La única forma de que una acción de estas características tuviera un cierto éxito sería que todos los votantes desengañados con ERC, JxCat y la CUP se decantaran por una sola vía en lugar de diversificar el rechazo. En Euskadi, Herri Batasuna, cuando quería aprovechar una contienda electoral para manifestar el desacuerdo con lo que fuera, daba una consigna y sus electores la seguían, por lo que sí que podía contabilizarse con bastante precisión la respuesta obtenida. Es lo que hizo en las elecciones españolas del 2000, en las que pidió la abstención y los resultados mostraron, con una bajada muy notable de la participación, que efectivamente los suyos le habían hecho caso. Un comportamiento similar es ahora totalmente impensable en el reino de taifas en que se ha convertido el movimiento independentista de Catalunya, y el resultado de la fragmentación será que la exhibición del desacuerdo, a pesar de que está ahí, quedará diluida.

Pero resulta que no son los votantes, sino los partidos los que deben rendir cuentas de su actuación.

Sea cual sea la alternativa que finalmente elija cada uno será, en todo caso, perfectamente legítima y respetable. Y aquí no tienen cabida los discursos malintencionadamente sesgados que, para intentar evitar el castigo a los partidos, literalmente criminalizan todas las conductas disidentes, que les molestan profundamente por la significación política de desaprobación que conllevan. Existen muchos tipos de estos discursos, pero básicamente circulan dos de principales. Por un lado, el que responsabiliza a los independentistas hartos de las formaciones que han dejado de tener la separación de España como bandera de permitir que puedan gobernar las fuerzas unionistas, desde el PSC hasta el PP, y a saber incluso si pasando por Cs y Vox. Por otra, el que interpreta que, si esto sucede, será la primera vez que los propios catalanes no darán apoyo mayoritario, en el marco de unas elecciones, a la independencia.

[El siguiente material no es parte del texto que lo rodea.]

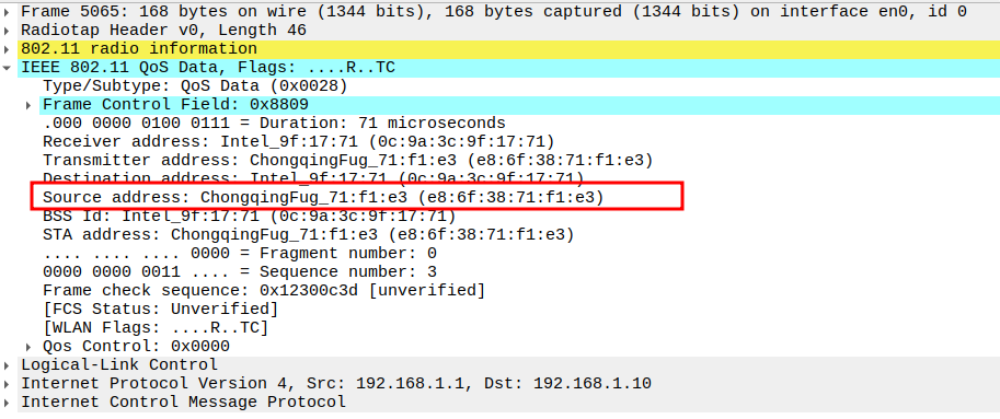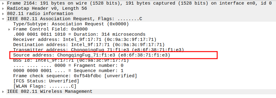 STA MAC address (e.g., e8:6f:38:71:f1:e3).
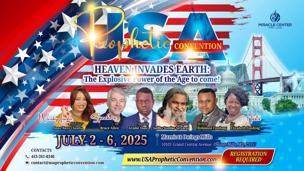 Believers from around the world are gathering in the Baltimore area for the USA Prophetic with world renowned speakers such as Prophet Sadhu Sundar Selvaraj, Apostle Arome Osayi, Dr Bruce Allen, Bishop Robinson, and Dr Elizabeth Fondong. This glorious event is taking place from July 2nd to the 6th at the Marriott Owings Mills Hotel.

Si uno está cargado de demagogia, el otro aún más, especialmente porque si un grueso del electorado independentista protesta, no es porque de repente haya dejado de serlo, sino precisamente por todo lo contrario, por la falta de líderes y partidos realmente independentistas que le representen. Ambos discursos recurren al argumento del miedo para tratar de esquivar un correctivo que se ven venir, bien en estos comicios locales, bien en los españoles de finales de este mismo 2023, bien en los europeos del 2024, bien en los catalanes del 2025, o bien en todos a la vez. Y tanto uno como otro tienen la intención de trasladar la carga de la prueba de los partidos a los votantes y hacerles culpables de las consecuencias que se puedan derivar. Pero resulta que no son los votantes, sino los partidos los que deben rendir cuentas de su actuación.